# lawn striping question



## jhack836 (Feb 11, 2012)

how do I get my lawn to look like pic 1 or pic 3 and not pic 2. pic 2 I took after a long summer drought so I know the grass isn't the best but this yr it is fuller and greener and it still looking like that. how do I get the lines to be either dark or light and without that stripe in the middle of each pass. do I need a roller or is there more to it? or is it the professionals? but i have neighbors that make their grass look like pic 3 so there has to be something. is it just my deck? I have a scotts 42 in.


----------



## djlandkpl (Jan 29, 2013)

It's from cutting in alternating directions, easiest done with a zero turn mower. There is a striping accessory for some mowers which basically pulls the grass blades in the same direction.


----------



## jhack836 (Feb 11, 2012)

djlandkpl said:


> It's from cutting in alternating directions, easiest done with a zero turn mower. There is a striping accessory for some mowers which basically pulls the grass blades in the same direction.

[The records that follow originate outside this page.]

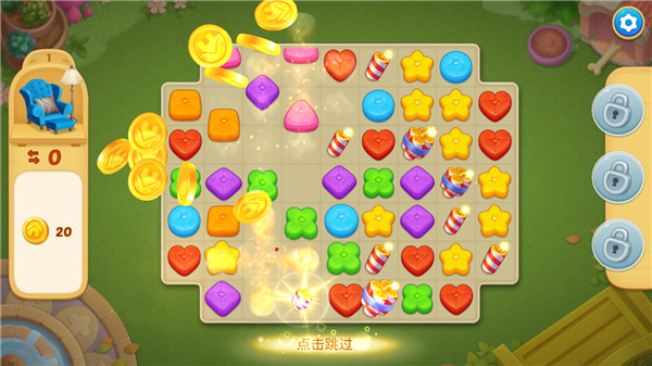 1、在三消改造益智游戏中装饰你的豪宅,三个同色抱枕排在一起就可以消掉;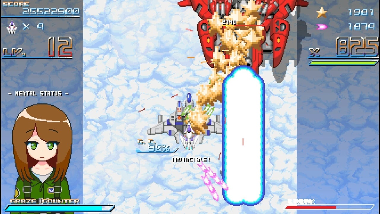 По мере прохождения семи уровней игры, состоящих из пяти этапов и двух альтернативных путей, вы будете заряжать свой индикатор, находясь в опасной близости от вражеского огня. Как только ваш калибр заполнится, вы сможете применить мощную атаку Graze Counter, которая уничтожит врагов. Уничтожая врагов с помощью этих специальных атак, вы зарабатываете звезды, которые можно использовать для пополнения калибра Break Gauge. Как только он достигнет MAX, вы сможете активировать режим Break Mode для временного, но интенсивного усиления огневой мощи! Но берегитесь, эта игра не для слабонервных! В игре четыре уровня сложности на выбор и множество сложных противников, которых нужно победить, поэтому для успеха вам понадобится быстрота реакции и молниеносные рефлексы.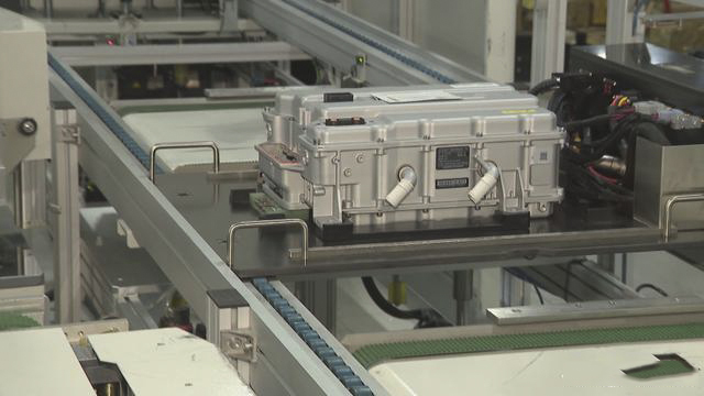 株洲力慧科技有限公司生产车间,一台台新能源汽车的PEU从智能制造生产线下线。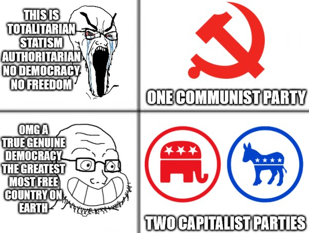 >>101266 (OP) США - чтоб построить коммунизм нужно только сделать рабочий день 6 часов и максимальный капитал в 100млн. Россия - ЧТОБ ПОСТРОИТЬ КОММУНИЗМ НУЖНО ВСЕХ УБИТЬ! РЯЯЯЯ!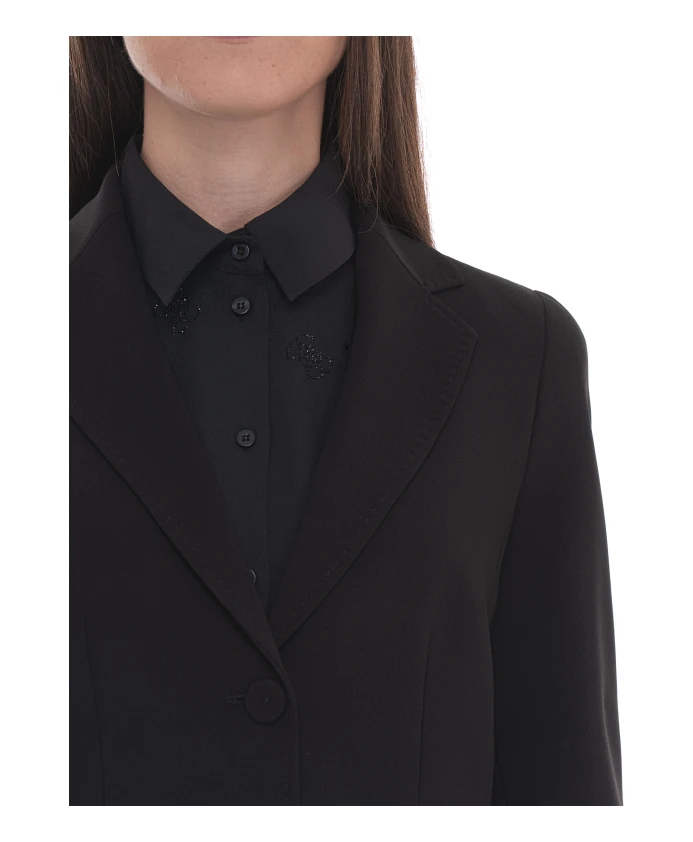 Пиджак PENNYBLACK Intinto - это приталенный двубортный блейзер из эластичной ткани кади, создающий элегантный офисный образ. Его обтекаемый силуэт и незаметные разрезы сзади делают его идеальным для делового стиля и официальных мероприятий. Ключевые особенности: Черный | Полиэстер | Двусторонняя эластичная ткань | Передние карманы | Полностью на подкладке | Небольшие разрезы сзади | Лацканы с вырезом | Однобортная застежка на две пуговицы | Прорезные передние карманы | Разрез сзади | Посадка и размер: Приталенный крой | Состав и уход: Ткань: 92% полиэстер, 8% эластан | Подкладка: 62% ацетат, 38% полиэстер | Не стирать; не отбеливать; не сушить в сушильной машине. Гладить в прохладном месте; профессиональная химчистка (перхлорэтилен, щадящий режим); не стирать влажным способом.
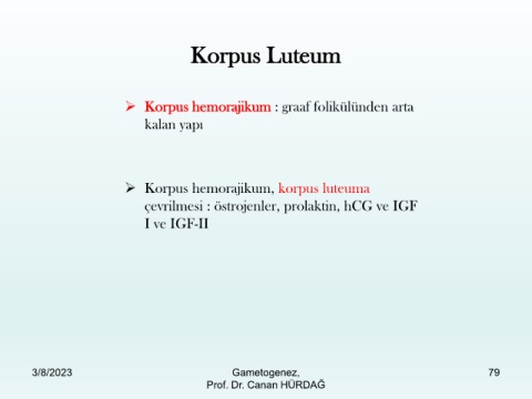Korpus Luteum ➢ Korpus hemorajikum : graaf folikülünden arta kalan yapı ➢ Korpus hemorajikum, korpus luteuma çevrilmesi : östrojenler, prolaktin, hCG ve IGF I ve IGF-II 3/8/2023 Gametogenez, 79 Prof. Dr. Canan HÜRDAĞ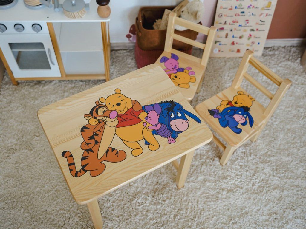 Drevený komplet stolíka a dvoch stoličiek s obľúbeným rozprávkovým motívom Macka Pú zaručene rozžiari detské oči a bude sa skvele vynímať nielen v detskej izbe.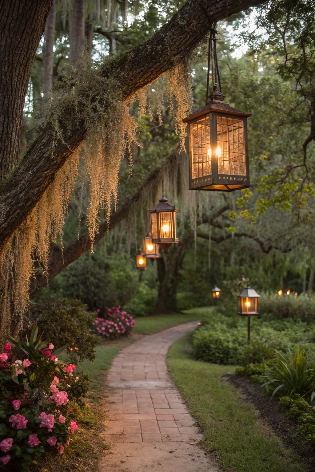 Wrap Spanish moss around outdoor lanterns for a rustic glow. It’s a charming way I’ve found to light up pathways and patios with a touch of nature.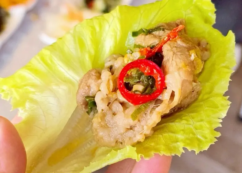 直接拿生菜來包入烤肉吃,不只是解膩也讓口感更為豐富。

I do alternating ways but as you can see in pic 2 it looks nothing like the other pics and it has a line in the middle of mine. like something is wrong with the blades..


----------



## djlandkpl (Jan 29, 2013)

It could be related to the height you cut the grass. I think you get a better effect when the grass is longer. If you google lawn striper, you'll find some DIY ideas as well as products you can buy.


----------



## Tatertot (Jan 7, 2012)

It's grass just cut it.


----------



## ddawg16 (Aug 15, 2011)

Just drive in circles and random patterns.....


----------



## user1007 (Sep 23, 2009)

A sharp detatching or stripping blade that, as suggested, rakes the blades in one direction to a point is probably what they are using. And are they, or their lawn service, using a reel type rather than a rotary mower? That can provide the look as well just like vacuuming cleaning the thing. 

To each their own, but that look in photo three does nothing for me. Just looks like someone is bragging they mow their lawn. So?

The surface of yours looks a bit dry in your photo so if you are getting a "split ends" look on the surface you probably need to check your blade sharpness.


----------



## TarheelTerp (Jan 6, 2009)

jhack836 said:


> how do I get my lawn to look like pic 1 or pic 3
> do I need a roller or is there more to it?


There is a bit more to it but most of it will happen when you spend $300 or $400 on a striping tool that attaches to the back of the mower.

Open this Link


----------



## Windows on Wash (Aug 30, 2011)

Some of the commercial grade mowers also create such good vacuum that they do not require a striping kit to leave those lines.

The striping kits ensure that you will get them though.


----------